Algorithm complexity
From charlesreid1
Notes
Goodrich Chapter 3 Notes
date structure - systematic way of organizing and accessing data
algorithm - step by step procedure for performing a task in a fixed amount of time
To time algorithms: distinguish betwee;
- wall time (less fair, dependent on environment) time.time
- number of cpu cycles used by algorithm (better) time.clock
- timeit/built in profiling tool (best)
Moving beyond experimental analysis:
- Independence from hardware/software
- Use higher level analysis
- Account for all possible inputs
Worse case versus average case
- Algorithm speed changes with different inputs
- Worst case is easiest to determine
- Average case requires probability distribution over inputs
$ \overline{t} = \int_{\Omega} t(\mathbf{x}) p(\mathbf{x}) d\mathbf{x} $
Seven functions for algorithm analysis: 1. Constant function 2. Logarithmic function 3. Linear function 4. n log n function 5. Quadratic function 6. Cubic/polynomial function 7. Exponential function
Example: find_max function
- Runtime: 2 statements always run, plus the for loop
- Probabilit/worse case/average case;
- The worst case assumes we have to run biggest = k every time through the for loop
- Average case analysis:
- If there are n numbers total, and if we have just looked at j numbers so far, the probability that the jth number will be the new largest of j numbers is 1/j
- The number of times biggest number is updated, when we run n times, is the sum of each probability,
$ H_{n} = \sum_{j=1}^{n} \dfrac{1}{j} $
nth Harmonic number
Harmonic numbers increase as O(log n)
Geometric sums:
- For any integer n>= 0 and any real number a > 0, a neq 1,
$ \sum_{i=1}^{n} a^i = 1 + a + a^2 + \dots + a^{n-1} + a^n = \dfrac{ a^{n+1} - 1}{a-1} $
This applies to finding the largest integer representable with n bits:
$ 1 + 2 + 4 + 8 + \dots + 2^{n-1} = 2^n - 1 $
Big O notation:
- If we have two functions f(n) and g(n) mapping positive integers to positive real numbers, wthen we say f(n) is O(g(n)) if, for a real constnat,
$ f(n) \leq c g(n) $
for $ n \neq n_0 $
"f(n) is gib-O of g(n)
Alt: "f(n) is order of g(n)"
Alt: "f(n) is O(g(n))"
Big o notation allows ignoring constant factors and all lower order terms
Big omega notatino:
- Big O means less than or equal to
- Big Omega means greater than or equal to
- Take the same two functions f(n) and g(n),
- We say that f(n) is Omega(g(n)) if
$ f(n) \geq c g(n) $
Example: 3 n log n - 2 n is Omega(n log n)
Asymptotic analysis:
- To compare algorithms, look at two things:
- Growth rates of algorithms as n increases
- Maximum problem size (n) that can be solved as t increases
- Examples of algorithm analysis:
- Length of list - O(1)
- Accessing element of list - O(1)
- Finding maximum: worst case vs aerage case
- Prefix averages
- Three-way disjointness
- Element uniqueness
Prefix averages:
- If we want to find average of sequence S of n numbers, in another sequence A, such that A[j] is average of first j numbers,
$ A[j] = \dfrac{ \sum_{i=0}^{j} S[i] }{j+1} $
3 implementations;
- Implementation 1: nested for loops (poor performance, O(n^2))

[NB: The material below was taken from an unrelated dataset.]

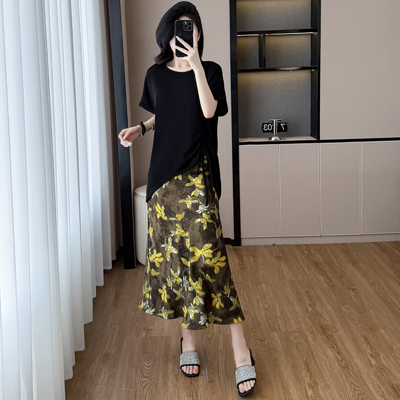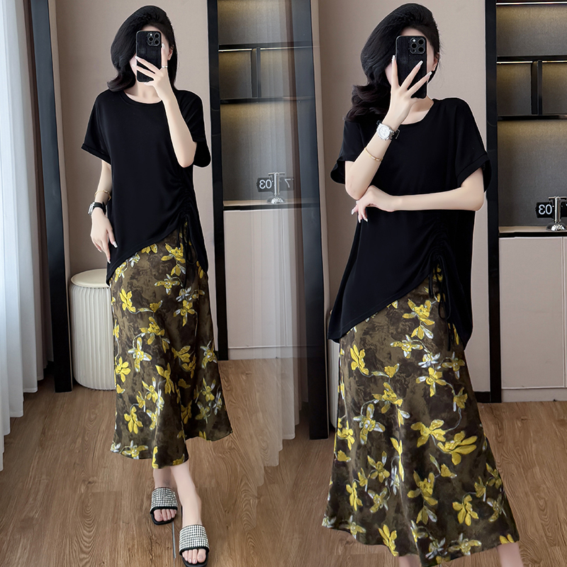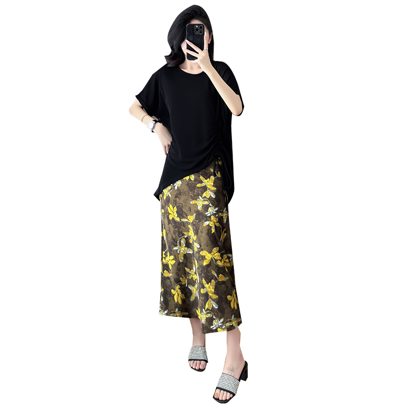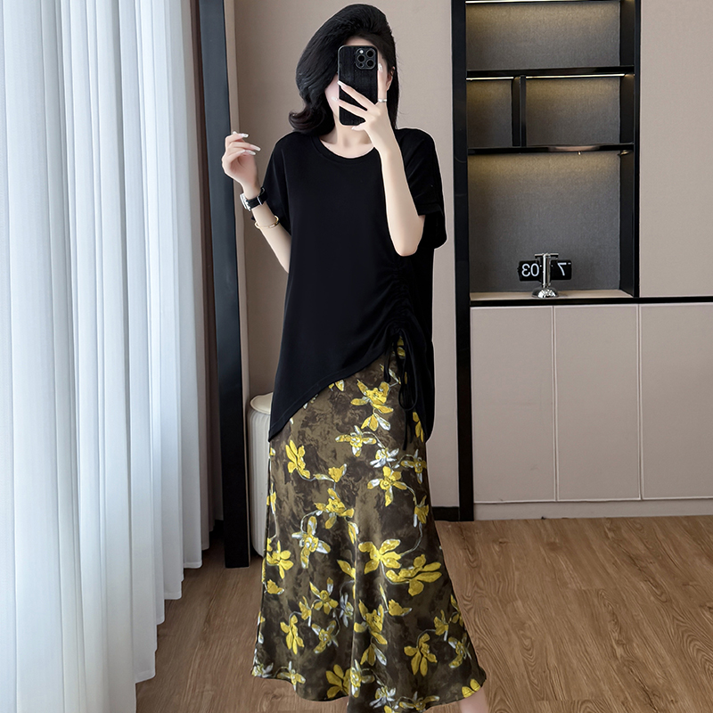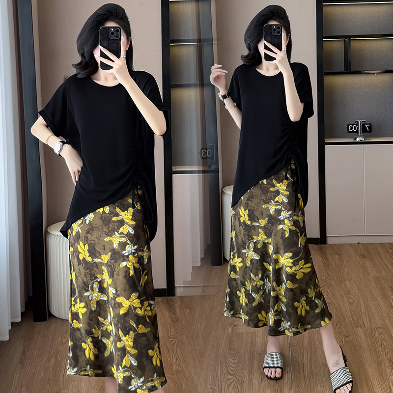 BY15282# 夏新款胖mm显瘦不规则下摆抽绳短袖+时尚碎花半身裙套装服裝批發女裝批發服飾貨源

- Implementation 2: uses colon indexing notation, like $ sum(S[0:j+1]) $, but no better performance, still O(n^2)
- Implementation 3: keep a running total, and use a cumulative algorithm
Three way set disjointness:
- Finding items that are in all 3 sets (if not, 3 sets are disjoint)
- 2 implementations:
- Triple nested for loop, if a==b==c (wastes time, O(n^3))
- Double nested for loop, if a==b, then another for loop, if b==c, O(n^2)
Sorting as an algorithm tool:
- Sort before searching. Sorted function is O(n log n)
- Limits cost to cost ofsearch
Justifying algorithm cost:
- Proof by example/counter-examkple
- Proof by contradiction/contrapositive
- use of DeMorgan's Law
- Induction and loop invariants
induction example:
- To prove Fibonacci number nl, F(n), is less than 2^n: First show $ F(1) < 2^1, F(2) < 2^2<math> * Then show <math>F(n) < 2^{n-2} + 2^{n-1} $
- Then we know $ F(n) < 2^n $
Loop invariant:
- Prove a statement L about a loop
- Show L0 (initial claim) is true before the loop is run
- Show that if L(j-1) is true before an iteration, then L(j) is true after an iteration
- Final statement, Lk implies L is true.
Questions
Goodrich Chapter 3
Question R-3.6: What is the sum of the first n even numbers, 0..2n, for n > 0?
Answer: Use the sum of integers formula,
$ \sum_{k=0}^{n} 2k = 2 \sum_{k=0}^{n} k = 2 \dfrac{n(n+1)}{2} = n(n+1) = n^2 + n $
Sum of first n even numbers is $ n^2 + n $.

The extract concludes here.